Work instruction :: Pictures stay out of the output. Return exactly the lines below from the one with "Fotoliul este tapițat" down to the one with "اپی وال قرص پیوسته رهش خوراکی 500 mg", both included, and nothing more.

Supplied records ::
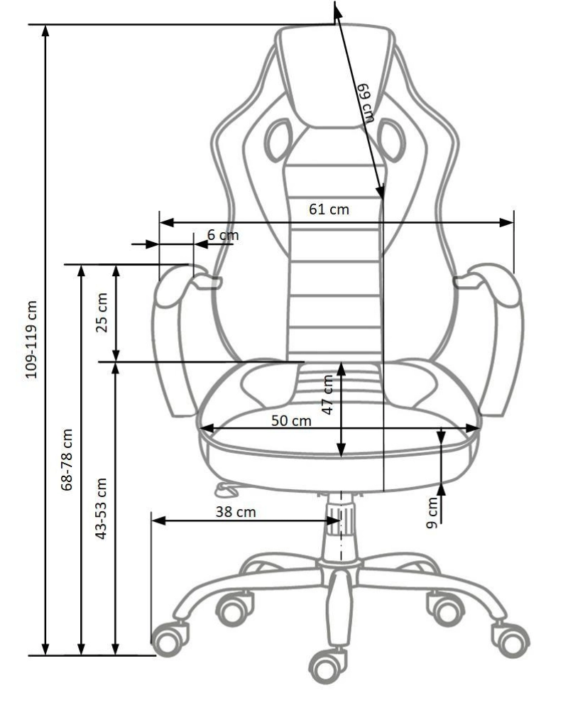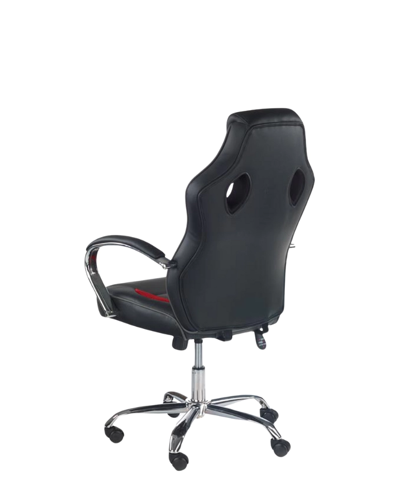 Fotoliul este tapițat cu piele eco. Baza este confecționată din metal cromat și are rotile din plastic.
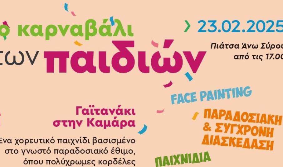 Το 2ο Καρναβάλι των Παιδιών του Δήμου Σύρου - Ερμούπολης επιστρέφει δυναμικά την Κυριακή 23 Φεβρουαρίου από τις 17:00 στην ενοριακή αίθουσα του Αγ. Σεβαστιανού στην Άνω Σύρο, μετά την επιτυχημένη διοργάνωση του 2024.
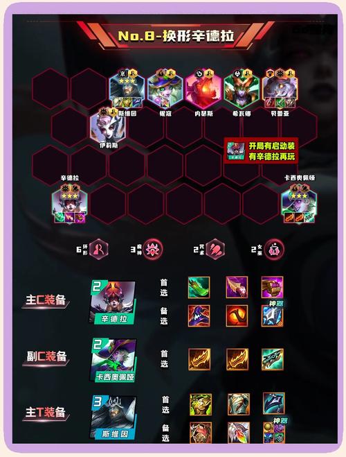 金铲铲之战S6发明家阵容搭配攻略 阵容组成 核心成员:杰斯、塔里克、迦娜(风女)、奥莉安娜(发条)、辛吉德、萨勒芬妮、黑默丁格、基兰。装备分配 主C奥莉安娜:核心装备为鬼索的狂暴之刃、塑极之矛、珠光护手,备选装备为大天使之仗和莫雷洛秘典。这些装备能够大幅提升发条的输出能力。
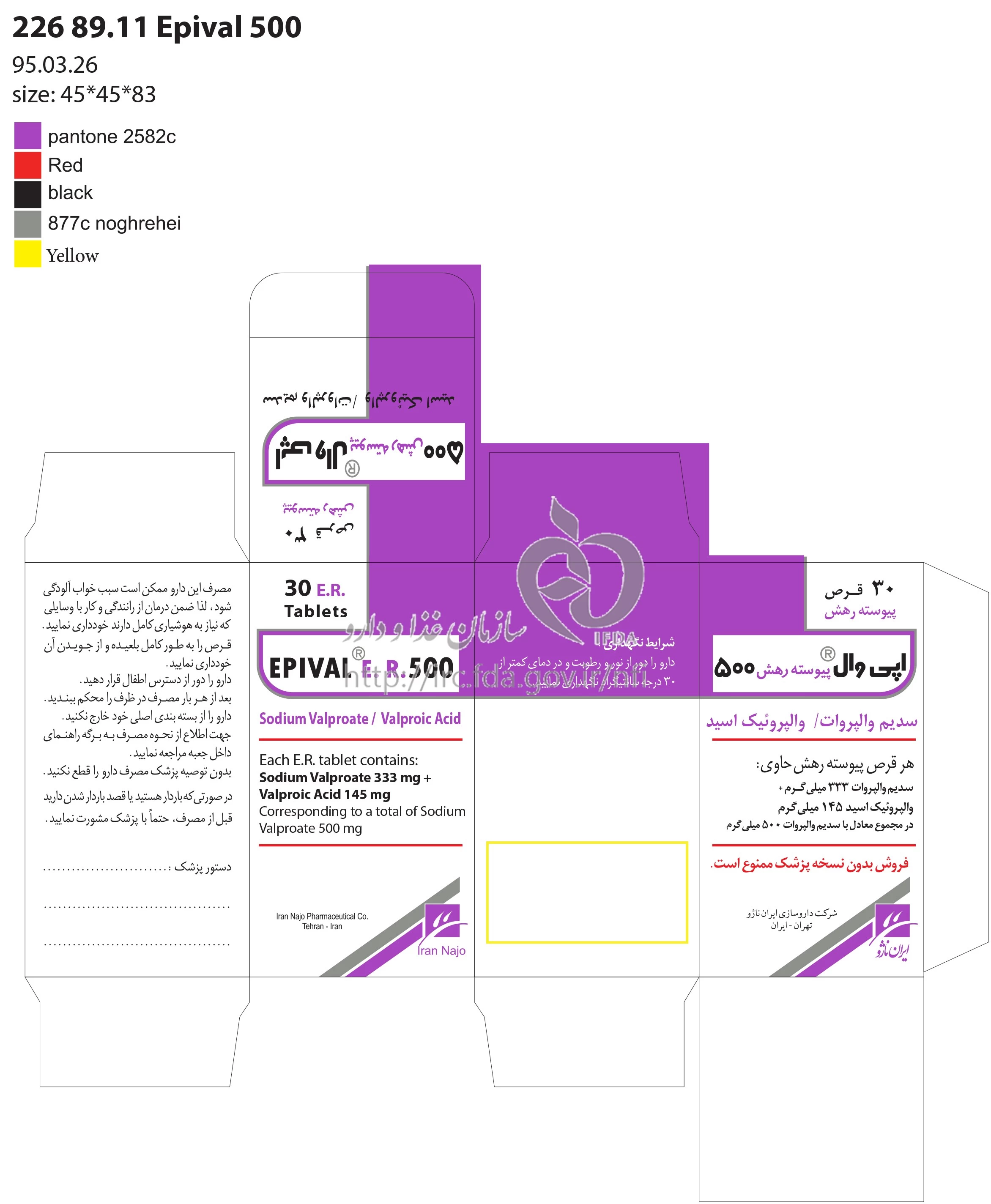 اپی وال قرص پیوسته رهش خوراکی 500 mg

...

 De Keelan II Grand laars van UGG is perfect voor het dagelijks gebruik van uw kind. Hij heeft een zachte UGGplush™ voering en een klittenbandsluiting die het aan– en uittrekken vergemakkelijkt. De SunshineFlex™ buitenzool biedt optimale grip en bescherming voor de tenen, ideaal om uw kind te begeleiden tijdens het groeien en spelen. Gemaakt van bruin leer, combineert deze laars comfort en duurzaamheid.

Reply ::
 Fotoliul este tapițat cu piele eco. Baza este confecționată din metal cromat și are rotile din plastic.
 Το 2ο Καρναβάλι των Παιδιών του Δήμου Σύρου - Ερμούπολης επιστρέφει δυναμικά την Κυριακή 23 Φεβρουαρίου από τις 17:00 στην ενοριακή αίθουσα του Αγ. Σεβαστιανού στην Άνω Σύρο, μετά την επιτυχημένη διοργάνωση του 2024.
 金铲铲之战S6发明家阵容搭配攻略 阵容组成 核心成员:杰斯、塔里克、迦娜(风女)、奥莉安娜(发条)、辛吉德、萨勒芬妮、黑默丁格、基兰。装备分配 主C奥莉安娜:核心装备为鬼索的狂暴之刃、塑极之矛、珠光护手,备选装备为大天使之仗和莫雷洛秘典。这些装备能够大幅提升发条的输出能力。
 اپی وال قرص پیوسته رهش خوراکی 500 mg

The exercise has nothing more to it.